§ Working data
*****
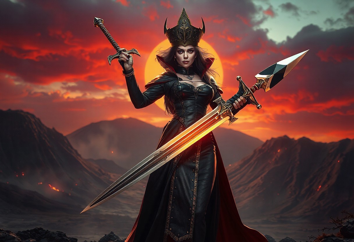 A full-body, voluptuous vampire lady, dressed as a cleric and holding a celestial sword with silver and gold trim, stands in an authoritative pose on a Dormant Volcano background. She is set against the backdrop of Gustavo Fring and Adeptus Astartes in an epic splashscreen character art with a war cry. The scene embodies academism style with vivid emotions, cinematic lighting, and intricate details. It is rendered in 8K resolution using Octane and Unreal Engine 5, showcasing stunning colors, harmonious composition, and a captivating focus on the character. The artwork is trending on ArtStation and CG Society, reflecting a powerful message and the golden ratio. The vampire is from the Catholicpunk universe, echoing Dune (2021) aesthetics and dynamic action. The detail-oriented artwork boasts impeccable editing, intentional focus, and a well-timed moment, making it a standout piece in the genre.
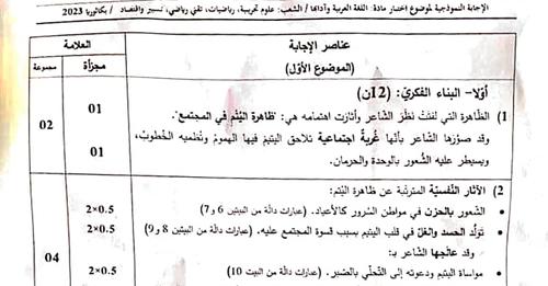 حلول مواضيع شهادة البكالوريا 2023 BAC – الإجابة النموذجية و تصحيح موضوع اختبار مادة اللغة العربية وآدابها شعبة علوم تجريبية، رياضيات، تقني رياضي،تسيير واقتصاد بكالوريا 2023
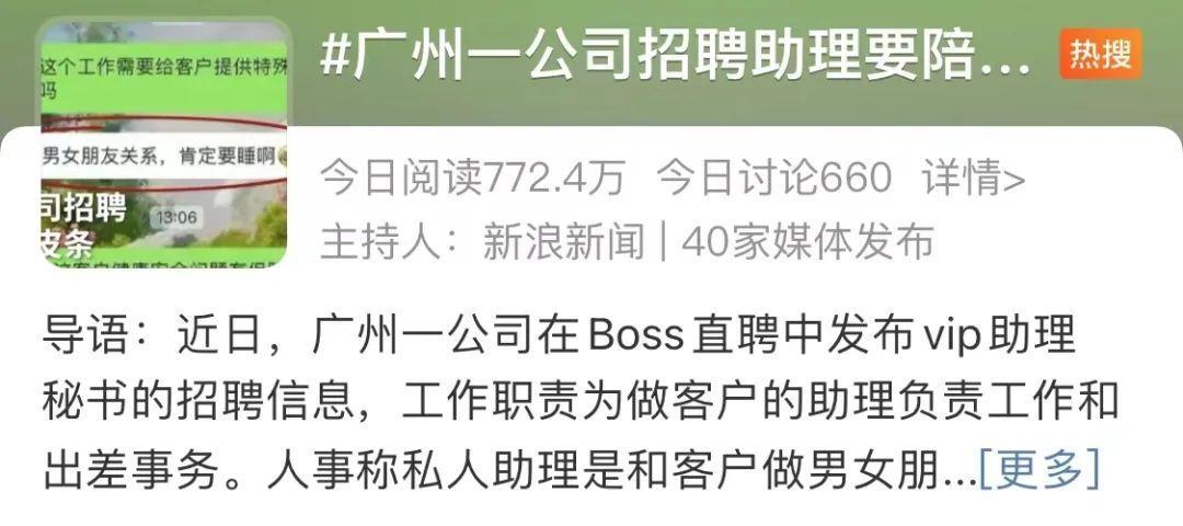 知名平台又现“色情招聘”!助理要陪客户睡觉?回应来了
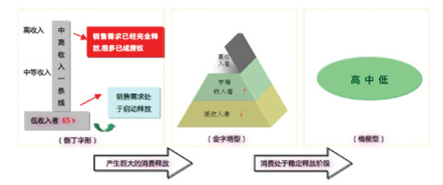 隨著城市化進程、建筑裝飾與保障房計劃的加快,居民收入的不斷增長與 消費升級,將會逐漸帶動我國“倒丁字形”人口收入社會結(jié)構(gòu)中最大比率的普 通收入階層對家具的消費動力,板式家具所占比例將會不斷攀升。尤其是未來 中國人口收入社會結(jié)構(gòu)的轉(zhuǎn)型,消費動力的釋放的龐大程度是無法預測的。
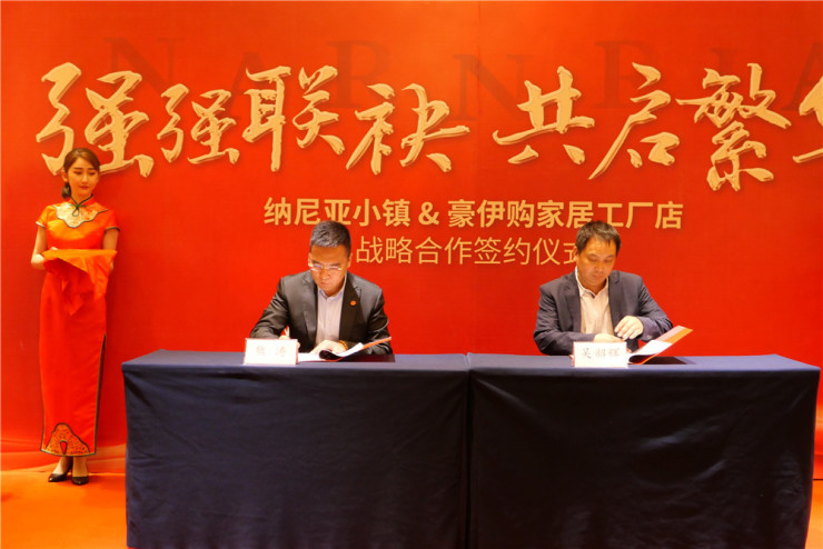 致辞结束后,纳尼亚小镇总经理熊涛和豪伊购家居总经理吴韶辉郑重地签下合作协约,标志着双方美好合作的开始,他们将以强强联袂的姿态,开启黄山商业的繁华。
*****
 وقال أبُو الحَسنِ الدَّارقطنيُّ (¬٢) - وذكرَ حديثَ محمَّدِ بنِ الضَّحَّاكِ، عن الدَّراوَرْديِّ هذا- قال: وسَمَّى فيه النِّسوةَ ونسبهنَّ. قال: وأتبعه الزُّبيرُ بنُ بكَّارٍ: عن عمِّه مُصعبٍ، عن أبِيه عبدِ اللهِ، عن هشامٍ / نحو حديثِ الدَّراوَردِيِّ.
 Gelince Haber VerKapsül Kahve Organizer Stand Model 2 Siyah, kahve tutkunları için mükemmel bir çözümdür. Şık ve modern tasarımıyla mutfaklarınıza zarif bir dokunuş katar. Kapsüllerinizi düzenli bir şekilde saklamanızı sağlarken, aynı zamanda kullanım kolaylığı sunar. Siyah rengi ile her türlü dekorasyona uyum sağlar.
*****
§ What you should do
Reproduce the data above exactly, but only from the line containing "A full-body, voluptuous" through the line containing "致辞结束后,纳尼亚小镇总经理". Omit all pictures.

§ Response to the exercise
 A full-body, voluptuous vampire lady, dressed as a cleric and holding a celestial sword with silver and gold trim, stands in an authoritative pose on a Dormant Volcano background. She is set against the backdrop of Gustavo Fring and Adeptus Astartes in an epic splashscreen character art with a war cry. The scene embodies academism style with vivid emotions, cinematic lighting, and intricate details. It is rendered in 8K resolution using Octane and Unreal Engine 5, showcasing stunning colors, harmonious composition, and a captivating focus on the character. The artwork is trending on ArtStation and CG Society, reflecting a powerful message and the golden ratio. The vampire is from the Catholicpunk universe, echoing Dune (2021) aesthetics and dynamic action. The detail-oriented artwork boasts impeccable editing, intentional focus, and a well-timed moment, making it a standout piece in the genre.
 حلول مواضيع شهادة البكالوريا 2023 BAC – الإجابة النموذجية و تصحيح موضوع اختبار مادة اللغة العربية وآدابها شعبة علوم تجريبية، رياضيات، تقني رياضي،تسيير واقتصاد بكالوريا 2023
 知名平台又现“色情招聘”!助理要陪客户睡觉?回应来了
 隨著城市化進程、建筑裝飾與保障房計劃的加快,居民收入的不斷增長與 消費升級,將會逐漸帶動我國“倒丁字形”人口收入社會結(jié)構(gòu)中最大比率的普 通收入階層對家具的消費動力,板式家具所占比例將會不斷攀升。尤其是未來 中國人口收入社會結(jié)構(gòu)的轉(zhuǎn)型,消費動力的釋放的龐大程度是無法預測的。
 致辞结束后,纳尼亚小镇总经理熊涛和豪伊购家居总经理吴韶辉郑重地签下合作协约,标志着双方美好合作的开始,他们将以强强联袂的姿态,开启黄山商业的繁华。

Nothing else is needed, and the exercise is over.